Understand how the Linux SLUB allocator manages fixed-size kernel objects on top of the Buddy Allocator, and how kmalloc() achieves efficient small-object allocation through object caches.


Topics

  • Why SLUB
  • Why Buddy Allocator alone is insufficient
  • SLAB Allocator evolution (SLAB → SLUB)
  • kmem_cache
  • slab
  • Object layout
  • Bitmap-based object management
  • Object allocation
  • Object free
  • Object reuse
  • Buddy Allocator integration
  • alloc_pages() and page_address()
  • Relationship between struct page and slab memory

Implementation

Implemented a simplified Linux-style SLUB allocator.

Core components:

  • struct kmem_cache
  • struct slab
  • Bitmap-based object allocation
  • Fixed-size object management
  • Slab linked list
  • Automatic slab creation
  • Object reuse after free
  • Integration with the Buddy Allocator

The allocator uses one page as the backing storage for each slab. A slab requests one page from the Buddy Allocator through alloc_pages(), converts the returned page descriptor into usable memory using page_address(), and divides the page into fixed-size objects.


Labs

Lab1 - SLUB Cache Initialization

Implemented:

  • kmem_cache_create()
  • slab_create()
  • Bitmap initialization
  • First slab creation
  • Cache and slab dump helpers

Verified:

  • Cache creation
  • Slab initialization
  • Object layout
  • Bitmap initialization

Lab2 - Allocation Policy

Implemented:

  • Object allocation
  • Existing slab reuse
  • Automatic slab creation when full
  • Independent cache instances

Verified:

  • Existing slab reuse
  • New slab creation after the current slab becomes full
  • Independent slab lists for different caches

Lab3 - Object Free and Reuse

Implemented:

  • kmem_cache_free()
  • Bitmap update
  • Free object recycling

Verified:

  • Object free
  • Object reuse
  • Lowest-index free object allocation
  • Bitmap consistency after allocation and free

Lab4 - Buddy Allocator Integration

Integrated the SLUB allocator with the simplified Buddy Allocator.

Implemented:

  • One-page slab allocation using alloc_pages()
  • Page-to-memory translation using page_address()
  • Page release through free_pages()

Verified:

  • SLUB requests backing pages from the Buddy Allocator
  • Object memory resides inside Buddy-managed pages
  • Page release after cache destruction
  • Recursive Buddy merge after slab destruction

Summary

This chapter completed a simplified Linux-style SLUB allocator capable of managing fixed-size kernel objects.

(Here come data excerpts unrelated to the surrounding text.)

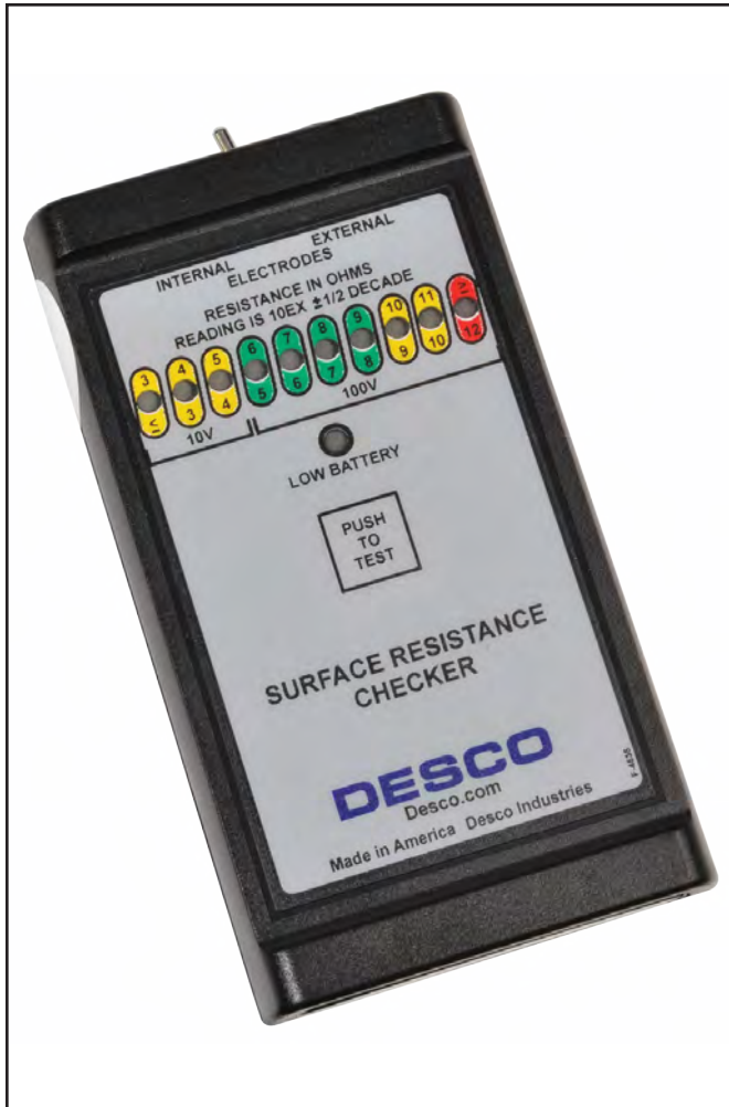
Figure 1. Desco 19640 Surface Resistance Checker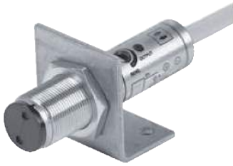
Sensor fitted inside the mounting aid

Using the mounting aid cylindrical sensors are fast and easy to fit. Use the nuts included with the sensor for attachment.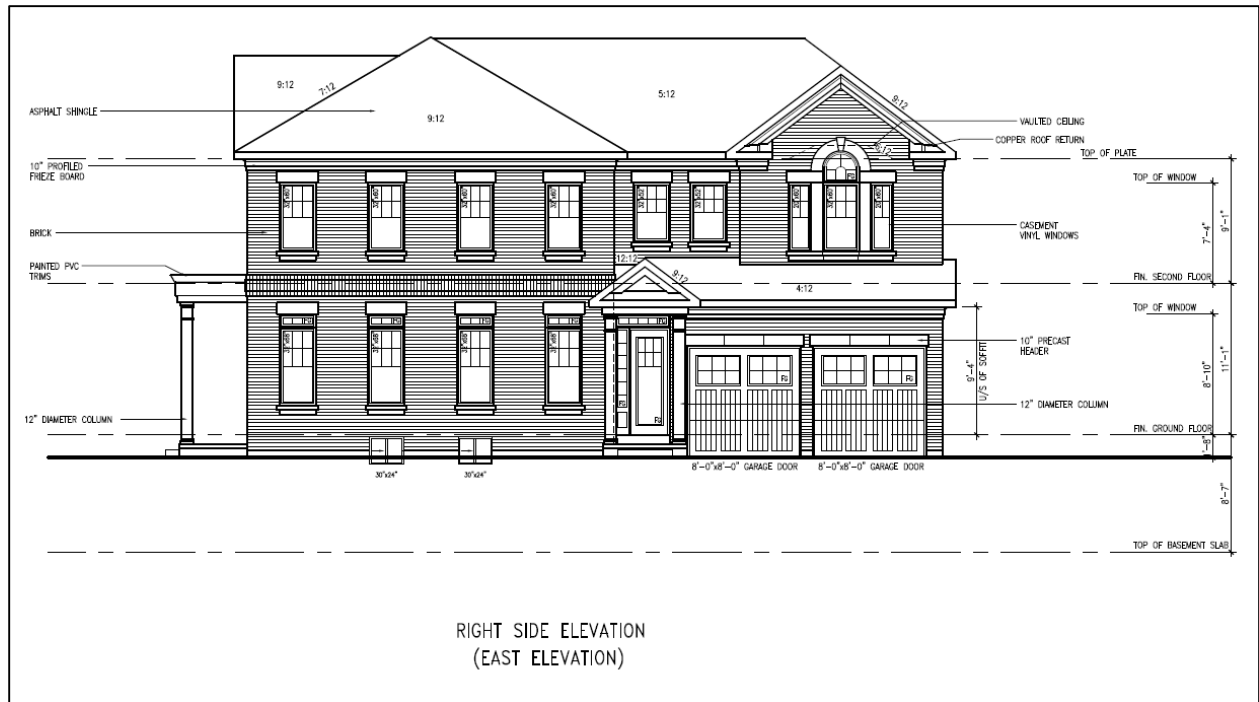
Figure 3: East elevation of the proposed replacement building. This façade would face Greywacke Street.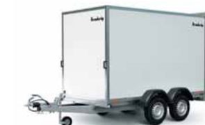
*) Payload with doors - payload with ramp see page 6. Several models, please see page 6.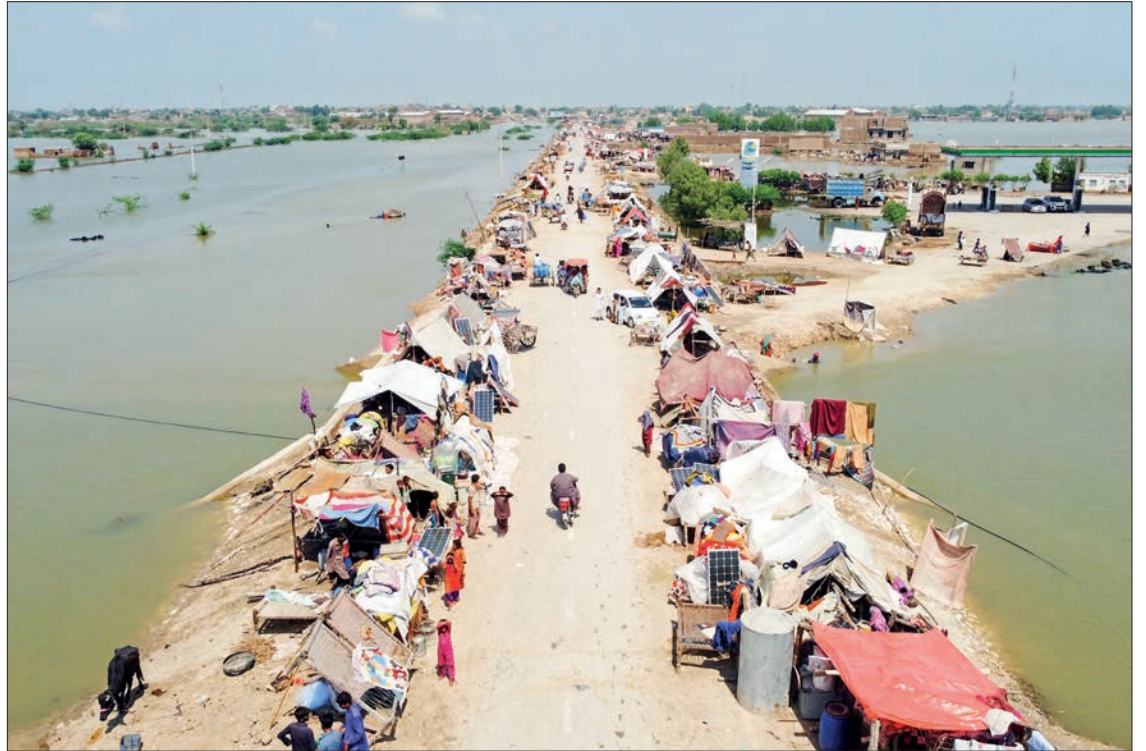
Pakistan has estimated the cost of rebuilding at around $10 billion.

The human and economic impact is already staggering and "this is an ongoing disaster; the rains are still going on", he told AFP. Countries like Pakistan that have contributed the least to global warming are often battered by the worst impacts, observers say.— AFP

Unlike the previous implementation that allocated slab memory using calloc(), slabs are now backed by physical pages provided by the Buddy Allocator. This demonstrates the relationship between Linux page allocation and object allocation:

kmalloc()
SLUB Allocator
Buddy Allocator
Physical Pages

The implementation demonstrates the complete allocation flow from kmem_cache to slab, then to struct page, and finally to page-backed object memory, closely matching the architecture of the Linux kernel memory allocator.